Lors de l’entretien le père évoque que l’annonce de la transidentité de son fils a été pour lui, un véritable « un coup de tonnerre », et répète lors de l’entretien « j’ai du mal à le vivre, j’ai du mal, j’ai du mal à l’intégrer ». Il a des difficultés à dire les termes « transgenres » et « transexualité » et ne peine à attribuer ces termes à son adolescent.

Il admet qu’il s’agit d’un sujet « que l’on évite » dans la famille. En dehors de l’entourage proche, père, mère, frère et sœur de l’adolescent, aucun membre de la famille n’a encore vu l’adolescent depuis son affirmation physique d’être une femme. Cet évitement est en partie une exclusion volontaire de la part du père et de la mère. Celle-ci par exemple, « ne veut pas qu’il sorte dans le village ». Le père semble vouloir s’en remettre au temps et à des instances extérieures pour se sortir de l’inconfort dans lequel il est. Sa détresse est exprimée à travers le souhait d’avancer le temps de six mois à un an et demi, et signe sa difficulté à faire face à la situation et à sa passivité. Évoquant l’impact de la situation sur la parentalité, il parle de « quelque chose qui s’est cassé », « qui n’est plus dans le cadre », qu’il « n’arrive plus à intégrer », et ce malgré « l’amour que je peux lui apporter et réciproquement ». Culpabilité, responsabilité sont des sentiments présents chez ce père. La quête d’une cause souligne d’une part la difficulté à entrer dans la phase d’acceptation, et d’autre part constitue une façon de tenter de maîtriser la situation. Les auteurs rappellent que des « études ont largement montré que l’éducation parentale ou encore l’attitude des parents pendant l’enfance n’influençaient pas ou n’activaient pas le « processus transgenre » chez un individu ». Lorsque le père précise « ça sera mon enfant mais ça ne sera pas ma fille », les auteurs y voient l’angoisse de perdre son fils, mais également le questionnement face à sa « propre castration » : « comment (continuer à) être un homme quand on est menacé par la féminisation ambiante ? », « Comment être ou même rester un homme quand le changement de sexe n’a jamais été autant accessible par les techniques médicales ? ».

Des données indiquent que le soutien des parents face à la détresse d’un enfant transgenre diminuerait fortement le taux d’idéations suicidaires et augmenterait l’estime de soi.

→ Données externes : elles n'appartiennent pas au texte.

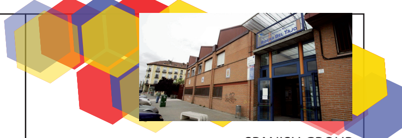
SPANISH GROUP Ribera de Tajo
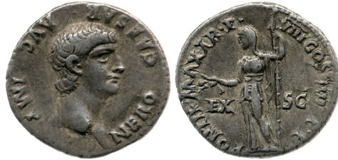
Figure 5: Silver denarius dating to 61-62 CE depicting Nero on the obverse and Ceres on the reverse. 61

grain. 59 Thus, observing the rituals of these gods was to protect the city's future by appeasing the gods of fire and grain. 60
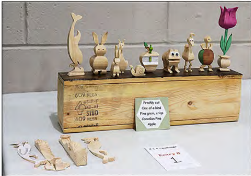
Alan Rundle created a box by cutting narrow strips for the frame. Remaining wood was used for ten different creations made with an 1890s treadle (foot) powered scroll saw. The figures are cut in 3-D using the compound cut technique
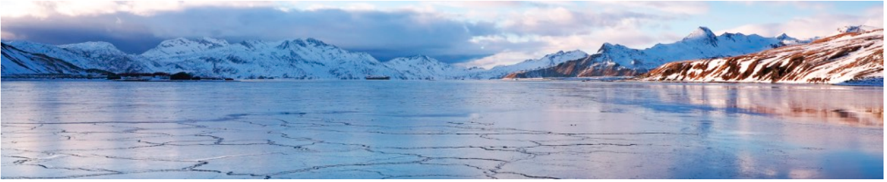
Pancake ice in Cumberland East Bay.
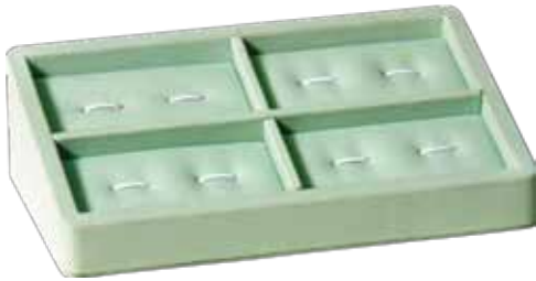
WEDGE STYLE CUFFLINK DISPLAY TO HOLD FOUR PAIRS OF CUFFLINKS

* JAD 040 134mm x 134mm x 48mm sloping to 20mm
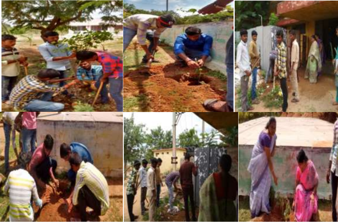
c. Medicinal Plant Garden and collecting seed variety: An initiative taken up by the dept. of Botany and SML Garage - The Campus Green Corps in the year 2018-19. This initiative contributes to the expansion of the already green campus

Cependant, les parents ne sont que rarement intégrés dans la prise en charge globale de l’individu transgenre. Et pourtant, anxiété, oppression, stigmatisation, pression sociale, font partie de leur vécu. Cette étude ne portant que sur un cas, n’est pas le reflet de l’ensemble du vécu des parents face à cette situation de vie, mais peut contribuer à faire évoluer les mentalités et à faire réfléchir à l’intégration des parents et de la fratrie dans le parcours d’accompagnement dans la transidentité.